4. CASE in ORDER BY:

-- Custom sorting logic
SELECT
product_name,
category,
price,
stock_status
FROM products
ORDER BY
-- Priority sorting: Out of stock first, then low stock, then normal
CASE stock_status
WHEN 'Out of Stock' THEN 1
WHEN 'Low Stock' THEN 2
WHEN 'Normal' THEN 3
ELSE 4
END,
-- Then by category priority
CASE category
WHEN 'Electronics' THEN 1
WHEN 'Clothing' THEN 2
WHEN 'Books' THEN 3
ELSE 4
END,
price DESC; -- Finally by price (highest first)
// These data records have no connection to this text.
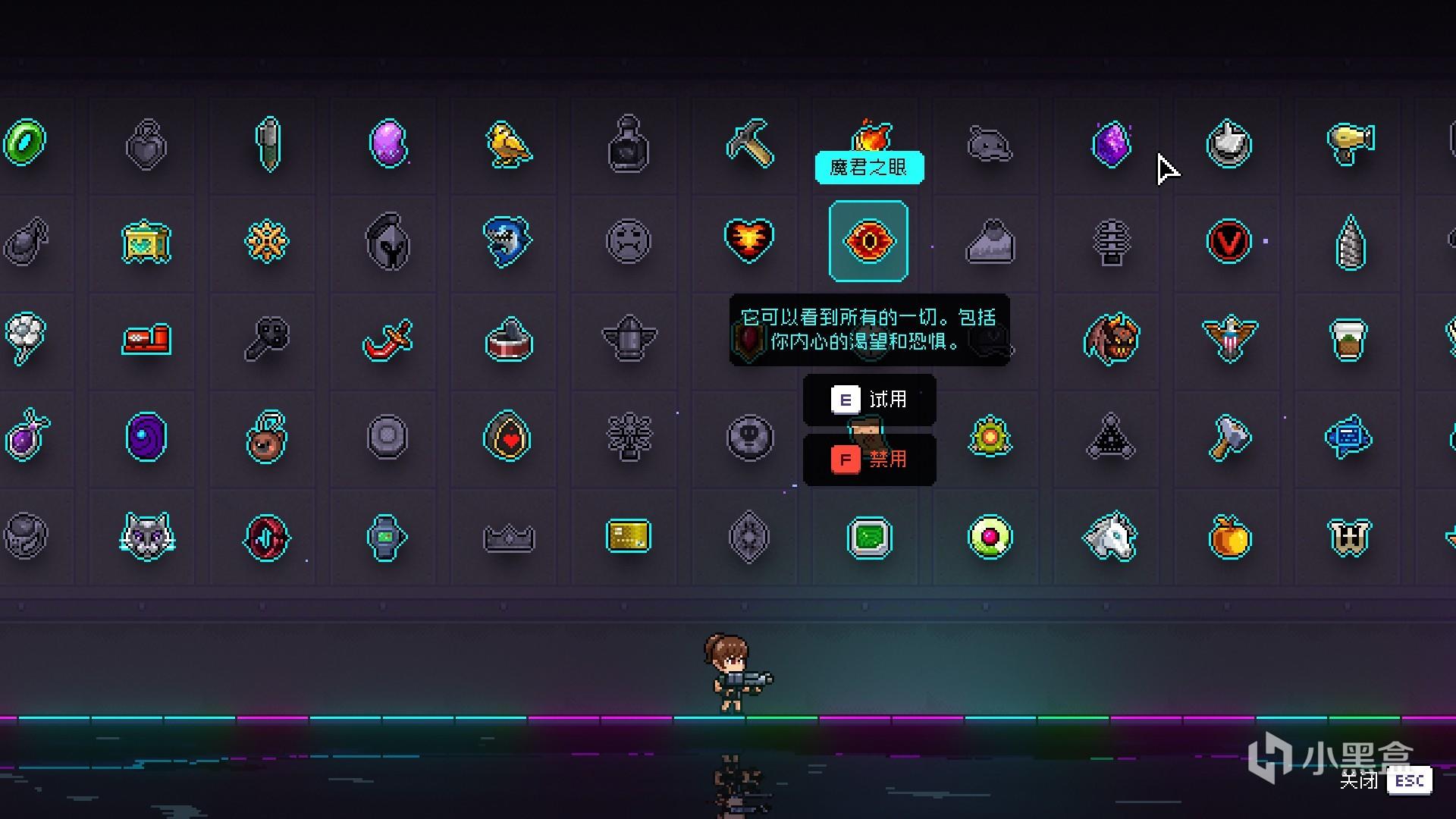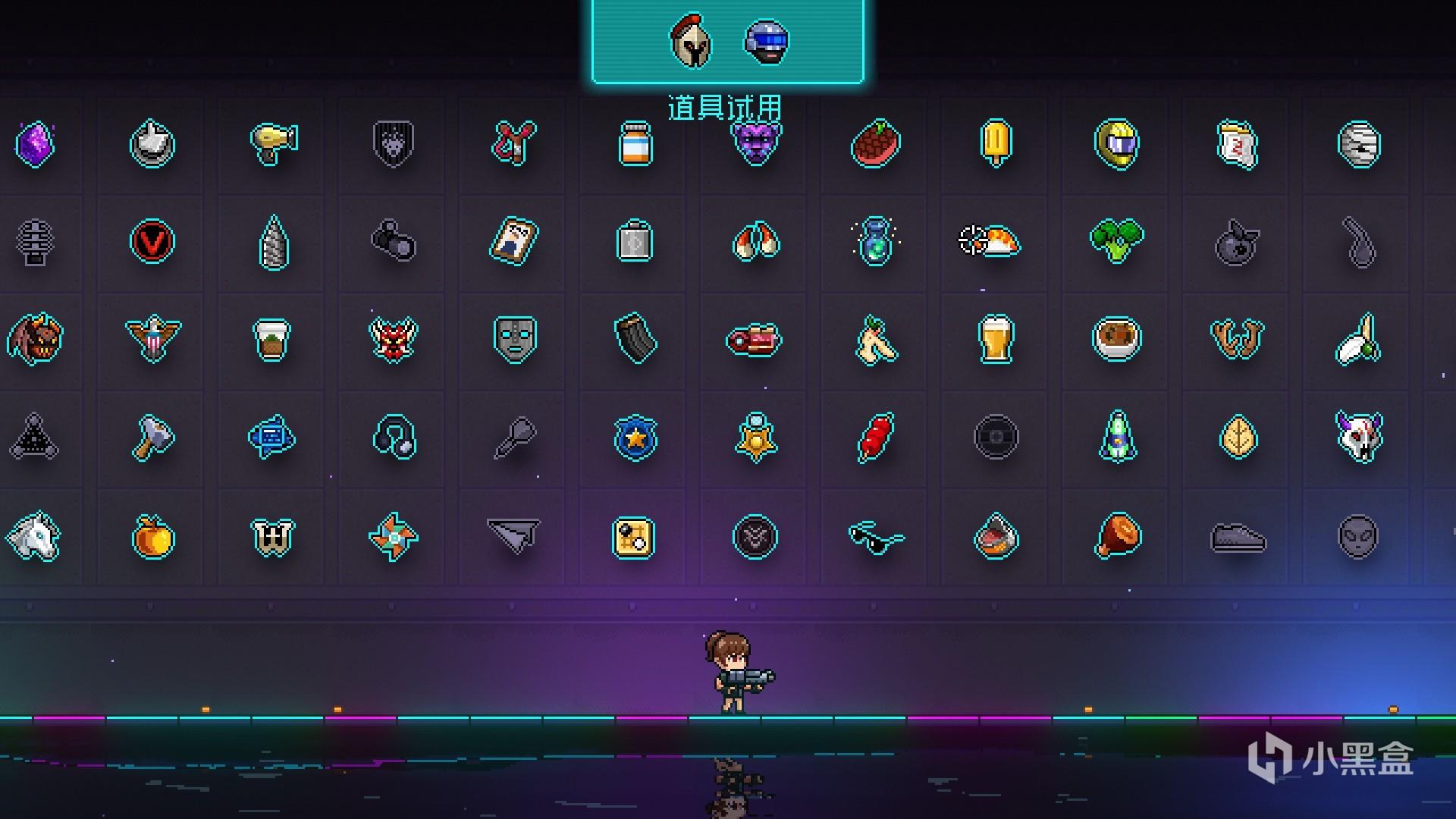 非常多。同样可以在房间里面试用。当你穿上道具的时候,都会在服饰上面有很明显的体现。这点就跟《以撒的结合》十分相似。不同的道具就会有不同的外观。同时跟《以撒的结合》一样,道具的效果会体现在武器上面。武器升级,威力提升,子弹就会变大,激光就会变粗,非常直观。
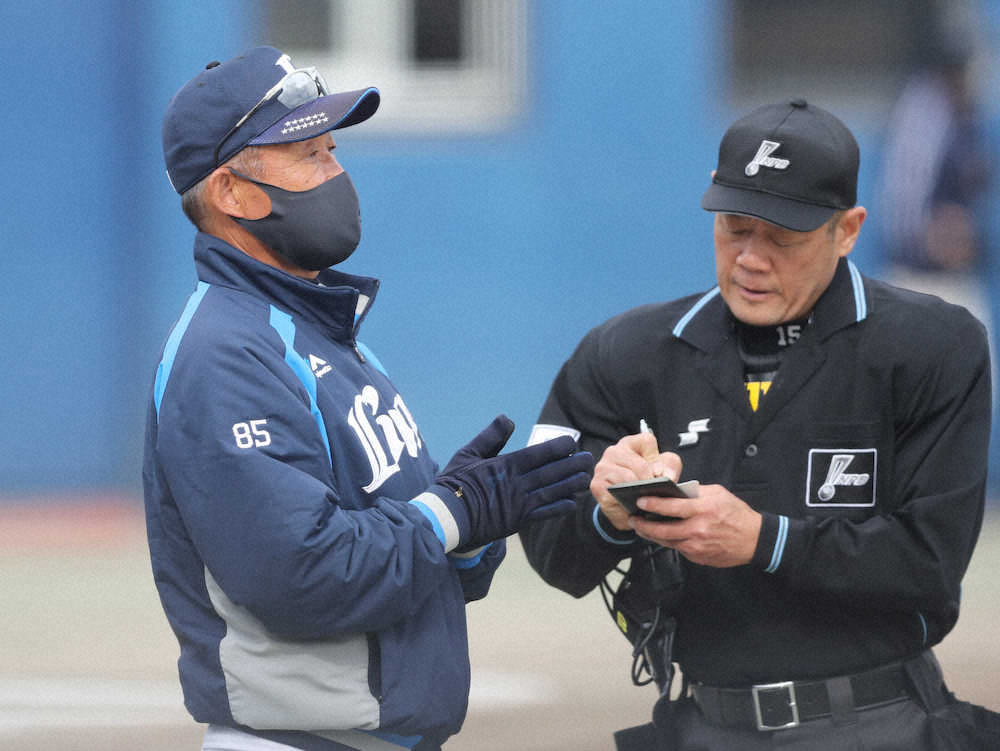 <中日・西武OP戦>交代を告げる辻監督(左)(撮影・椎名 航)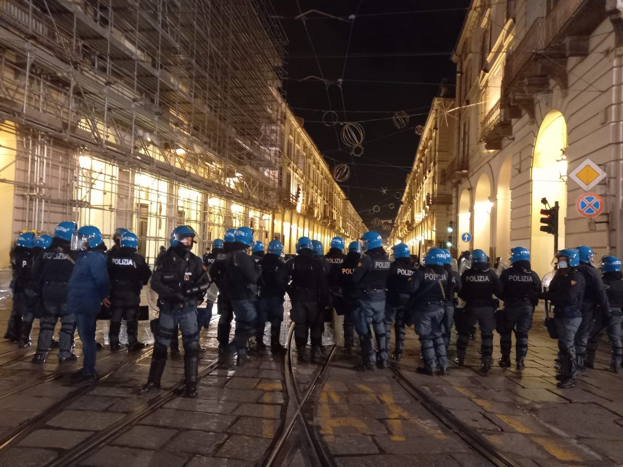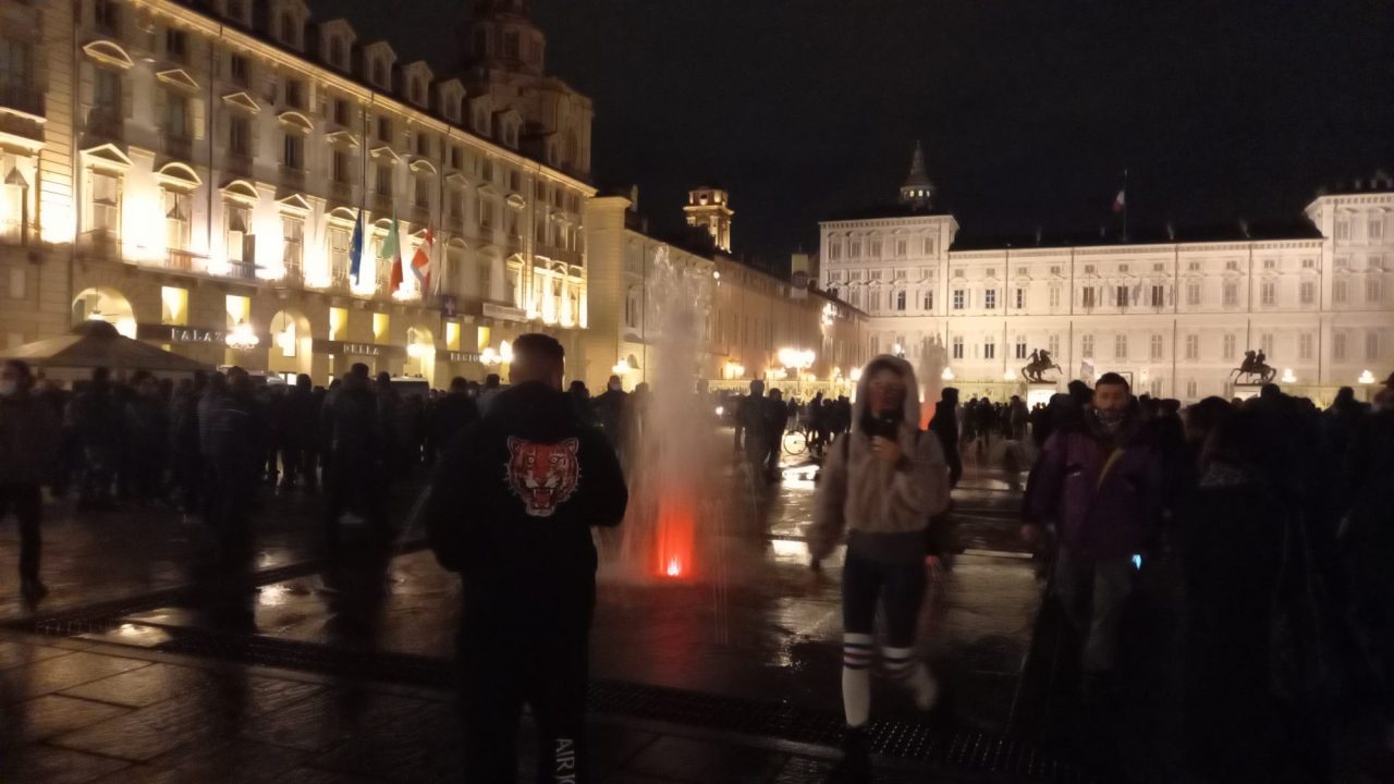 Due le manifestazioni di protesta contro l’ultimo Dpcm del Governo Conte, ieri sera, lunedì 26 ottobre 2020, nel centro di Torino. Una situazione calma… come una bomba, ovvero pronta ad esplodere.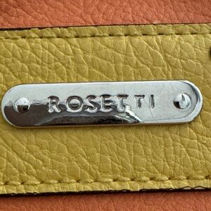 Rossetti leather imitation purse. 8 x 6 inches. Orange & yellow with white piping. 5 pockets. 2 minor marks on it. Noted in photos.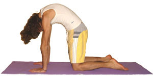 - Με την εκπνοή κυρτώστε την πλάτη σαν θυμωμένη γάτα, ανοίξτε τις ωμοπλάτες, ενώ παράλληλα τραβήχτε τους κοιλιακούς μύες προς τα μέσα και φέρτε το πηγούνι προς το στήθος. Χαλαρώστε τους σφιχτούς μύες στο πάνω μέρος της πλάτης και τον αυχένα, νοιώστε τις ωμοπλάτες να απομακρύνονται και να τεντώνεται το πάνω μέρος της πλάτης ενώ δημιουργείτε μια καμπύλη προς τον ουρανό.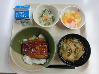 | | 今日は、鰻丼です。 給食に鰻丼をいただける。・・・なんと素晴らしい。香ばしいたれが食欲をそそります。周囲の方々も『おいしい』『おいしいね』と言ってましたよ。 土用の丑の日にはちょっと早めですが みなさん、スタミナをつけて元気にこの夏を乗り切りましょう! 明日の七夕にちなんで、デザートは寒天のキラキラ星がいっぱいです。 給食の先生、いつも素敵な夕ご飯、ありがとうございます。 |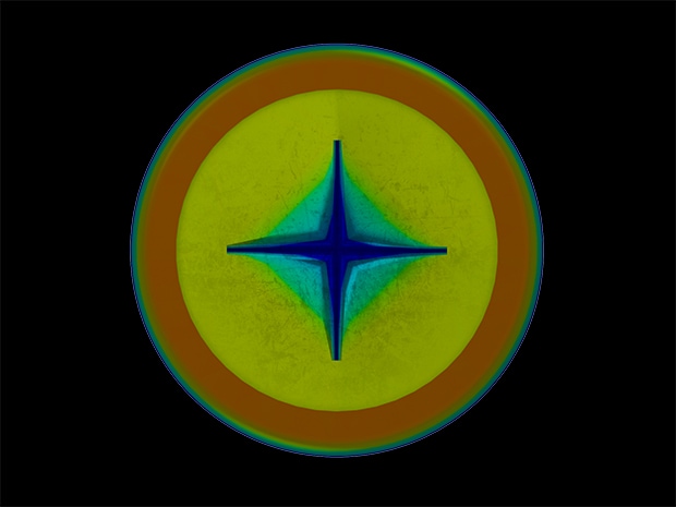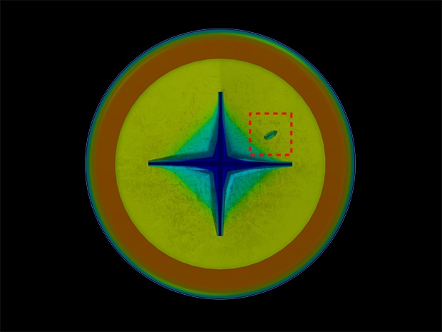 ワークの表面状態の影響を受けずに、任意の深さ以上の凹みだけを欠陥として検出することができます。LJ-S8000シリーズのオートスキャン機構により、インデックステーブル上にも取り付けるだけで3D検査が可能です。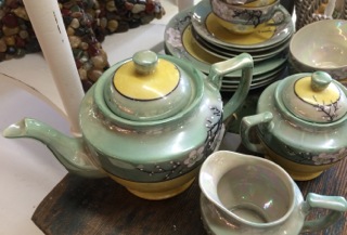 Dealer #109 serves up tea in a soft color palette with iridescent glaze.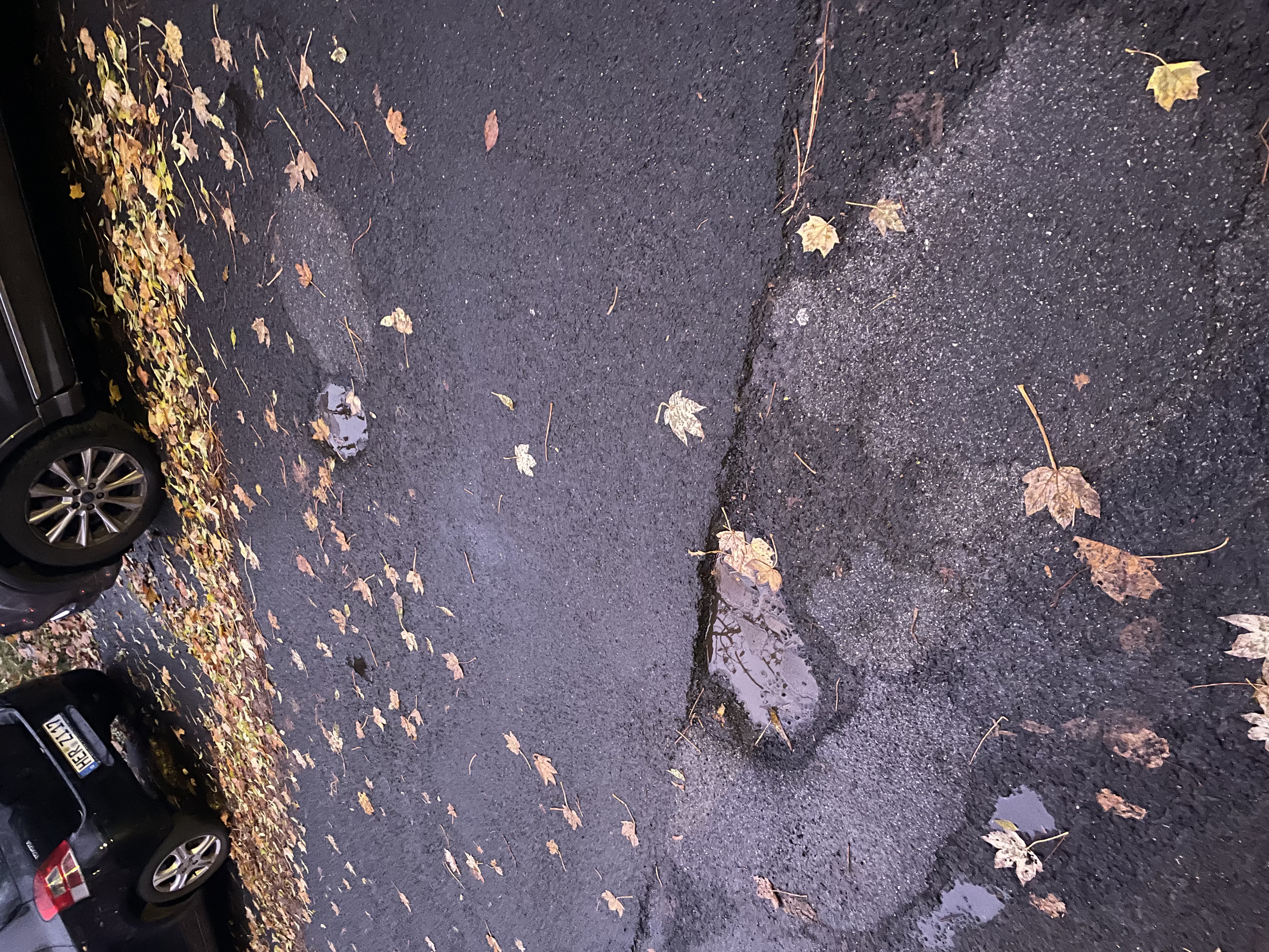 Diverse Schlaglöcher mit Gefahr für Unfälle und Schäden an Autos sowie Fahrrädern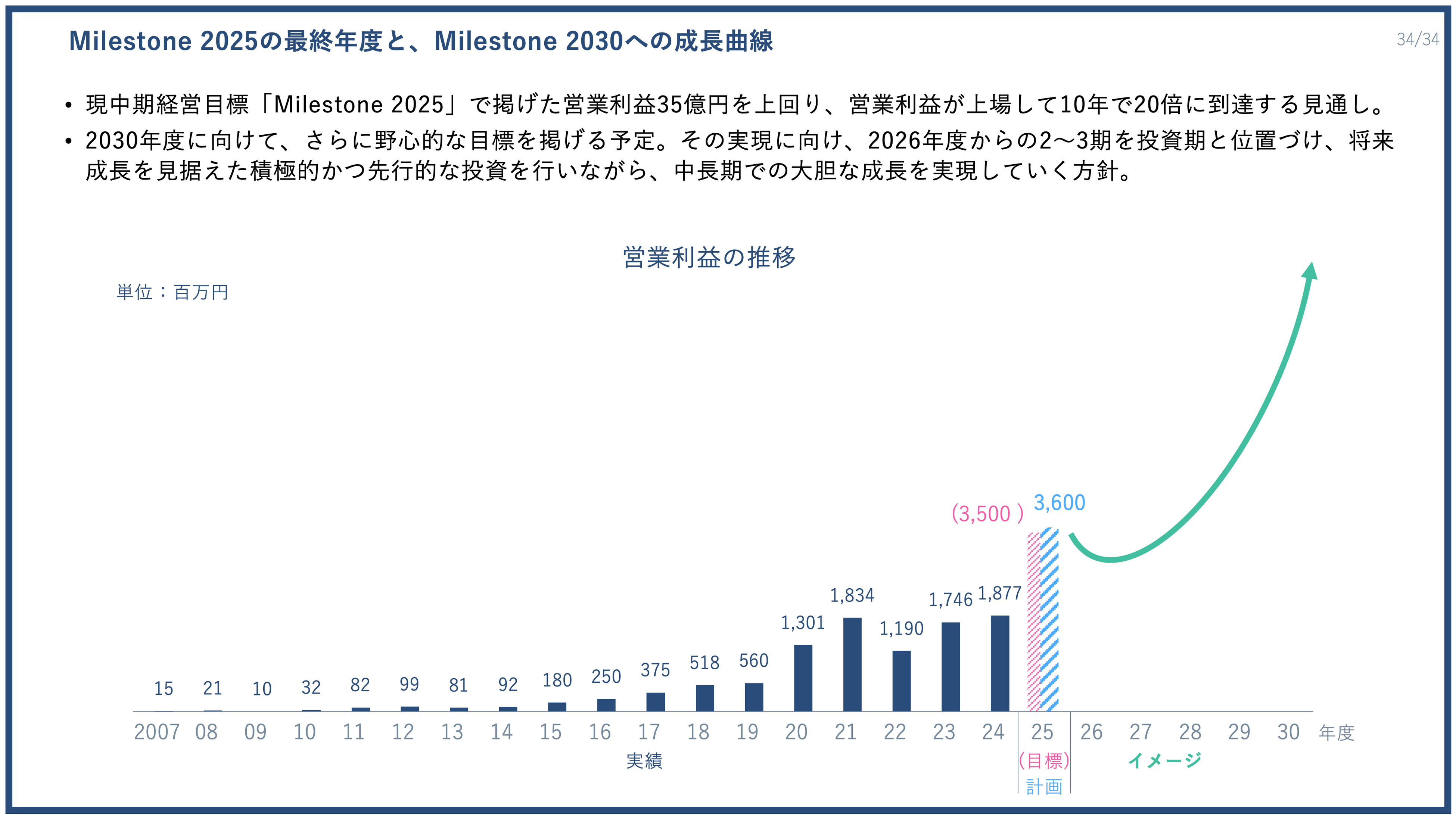 2025年度は営業利益は上方修正し、36億円を見込んでいます。中期経営目標「Milestone 2025」で掲げた35億円を上回る見通しで、上場から10年で営業利益が20倍の水準に達しようとしています。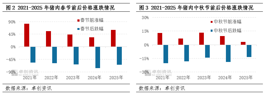 进入三、四季度,市场期待的“强反弹”并未如期而至。尽管9月开学季和中秋国庆双节带来了一定的备货需求,但屠宰企业的鲜销率提升幅度有限,所谓的“旺季”更多表现为价格的窄幅震荡而非单边上涨。从卓创资讯统计的数据来看,中秋节前需求对于价格的提振作用明显弱于春节,但节后价格回落的幅度往往更加显著。2025年中秋节前一周,白条猪肉价格仅仅上涨了3.12%,为近五年最低。而节后一周价格下跌的幅度则达到了13.57%,处于近五年平均水平附近。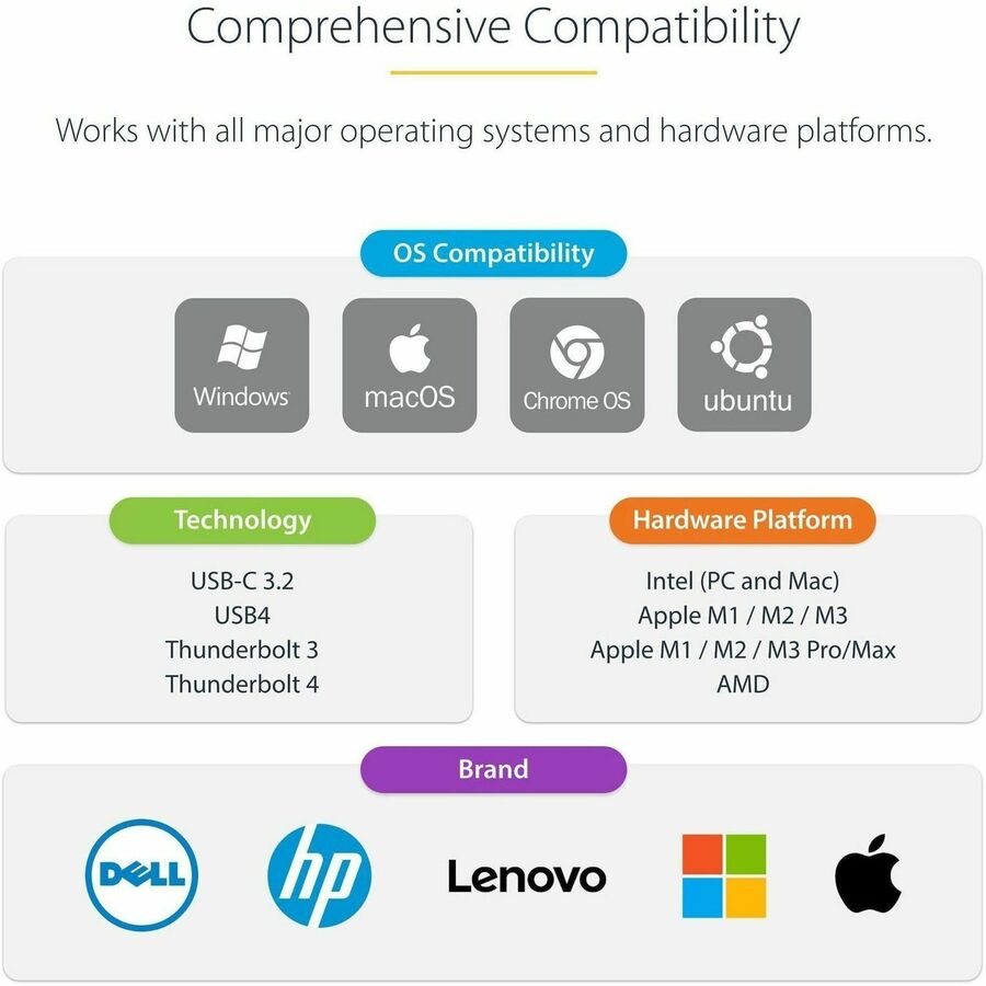 • WORKS WITH ANY LAPTOP: Simplify your deployment with a USB-IF, VESA & DisplayLink compliant docking station that offers optimal performance and universal compatibility with any laptop (Windows, macOS and Ubuntu) or Chromebook (ChromeOS)

CASE Statement Performance Tips:

1. Use Simple CASE When Possible:

-- Efficient: Simple CASE
SELECT
status,
CASE status
WHEN 'A' THEN 'Active'
WHEN 'I' THEN 'Inactive'
WHEN 'P' THEN 'Pending'
ELSE 'Unknown'
END as status_description
FROM records;

-- Less efficient: Searched CASE for simple comparisons
SELECT
status,
CASE
WHEN status = 'A' THEN 'Active'
WHEN status = 'I' THEN 'Inactive'
WHEN status = 'P' THEN 'Pending'
ELSE 'Unknown'
END as status_description
FROM records;

2. Order Conditions by Frequency:

-- Order WHEN clauses by most common to least common
SELECT
customer_type,
CASE
WHEN customer_type = 'Regular' THEN 'Standard Service' -- Most common first
WHEN customer_type = 'Premium' THEN 'Priority Service'
WHEN customer_type = 'VIP' THEN 'Exclusive Service' -- Least common last
ELSE 'Basic Service'
END as service_level
FROM customers;

3. Avoid Repeated CASE Logic:

-- Instead of repeating CASE logic, use CTEs or temp tables
WITH customer_tiers AS (
SELECT
customer_id,
total_spent,
CASE
WHEN total_spent > 100000 THEN 'Platinum'
WHEN total_spent > 50000 THEN 'Gold'
WHEN total_spent > 20000 THEN 'Silver'
ELSE 'Bronze'
END as tier
FROM customer_totals
)
SELECT
tier,
COUNT(*) as customer_count,
AVG(total_spent) as avg_spent_per_tier
FROM customer_tiers
GROUP BY tier;

This comprehensive documentation covers all the fundamental SQL concepts with Bengali-English explanations, practical examples, and real-world applications. Each section provides both theoretical understanding and hands-on examples that developers can use in their daily work.